Le Réseau, qui regroupe une cinquantaine d’associations offrant du soutien psychosocial, remarque que des préjugés et de la stigmatisation demeurent en ce qui concerne la santé mentale, ce qui rend plus difficile pour les jeunes de se confier à un adulte. 

«C’est pour ça qu’on a mis en place un projet qui est réalisé pour les jeunes, mais avec des jeunes», indique M. Cloutier. Le groupe d’intervenants se déplacera notamment dans les écoles, les maisons des jeunes et les clubs sportifs. 

L’organisme remarque que les jeunes proches aidants sont plus à risque de développer eux-mêmes des problèmes de santé mentale. 

«Ces jeunes-là vivent plus de détresse psychologique, et sont 15 à 20 fois plus à risque de développer eux-mêmes un trouble de santé mentale (que les jeunes qui ne sont pas proches aidants), dû souvent à leur détresse psychologique face à la situation qu’ils vivent», affirme M. Cloutier. 

Dre Annie Loiseau, pédopsychiatre et présidente du comité de la psychiatrie de l’enfance et de l’adolescence à l’Association des médecins psychiatres du Québec, explique que, souvent, lorsqu’un parent ne va pas bien, leur enfant en souffre pour plusieurs raisons. 

«Il va s’en faire pour son parent, mais aussi parce que le parent est moins disponible pour son jeune (notamment) dans ses réactions émotionnelles, il va des fois être plus irritable, et se fâcher plus rapidement, donc ça entraine un peu plus de conflits. Ou même (avoir moins de) disponibilités si le jeune a besoin lui-même de ventiler sur une situation qu’il vit», détaille la Dre Loiseau, qui intervient auprès des enfants et des adolescents. 

Lorsqu’un parent est épuisé en raison d’un problème de santé mentale, il va parfois offrir moins d’encadrement à son enfant, ce qui peut engendrer des troubles de comportements chez le jeune, souligne la pédopsychiatre. 

Outre le facteur génétique, plusieurs aspects expliquent qu’un jeune proche aidant d’un parent ayant un problème de santé mentale est plus à risque d’en développer un lui-même. 

«De par les impacts au quotidien de la maladie mentale sur le milieu familial dans lequel le jeune évolue, c’est sûr que ça peut faire un milieu plus à risque de développer ce genre de chose, parce qu’un jeune qui vit beaucoup de ‘stresseurs’, ou qui est moins soutenu par son réseau social, est plus à risque de développer ou d’avoir un problème de santé mentale plus grave», détaille la Dre Loiseau. 

Elle salue donc la mise en place du projet du Réseau avant de craquer. 

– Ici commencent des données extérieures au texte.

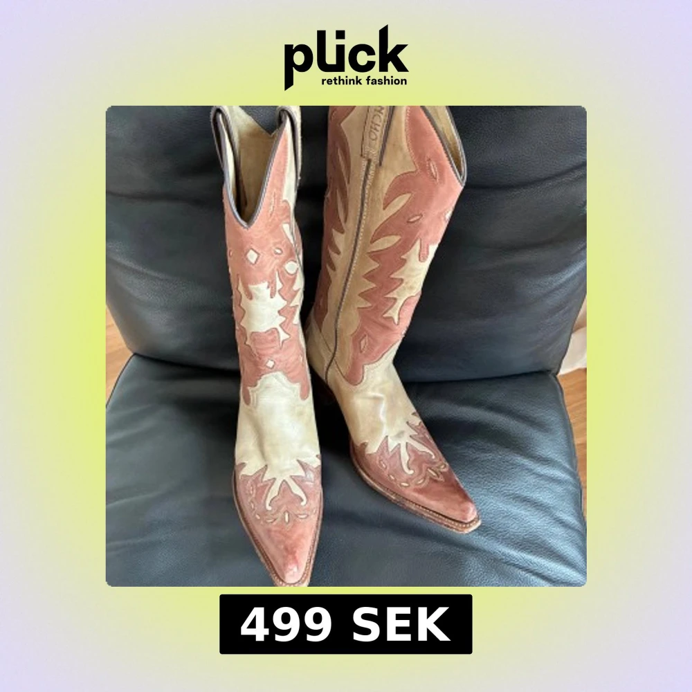 Säljer ett par handgjorda Sancho cowboy boots i beige och brun skinn med snygga broderade detaljer och spetsig tå. Boots med hög klack och klassiskt westernmönster, tillverkade i Spanien. Perfekta för dig som vill sticka ut med en unik stil.
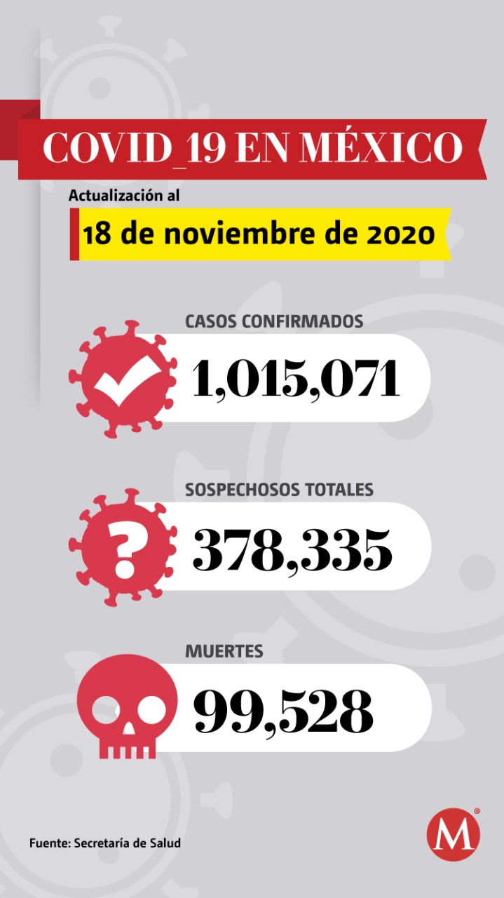 Hoy México alcanzó 99 mil 528 muertes por coronavirus SARS-CoV-2 y acumula un millón 15 mil 71 casos confirmados, de los cuales un millón 239 mil 269 son negativos; además se tienen 378 mil 335 casos sospechosos, informó José Luis Alomía, director general de Epidemiología.

«Pour les adolescents, le réseau social est super important, puis les amis prennent une place très importante pour eux au fur et à mesure qu’ils se développent dans leur adolescence. Donc, je pense que les autres jeunes sont les mieux placés pour détecter si quelque chose se passe dans la vie de leurs amis», déclare-t-elle. 

Cependant, encore faut-il que les jeunes référés à des ressources puissent être pris en charge. 

«Ce que je trouve important, c’est que si on oriente le jeune vers les bonnes ressources, que les services soient au rendez-vous, parce que je trouve que c’est souvent là où le bât blesse actuellement», dit la Dre Loiseau.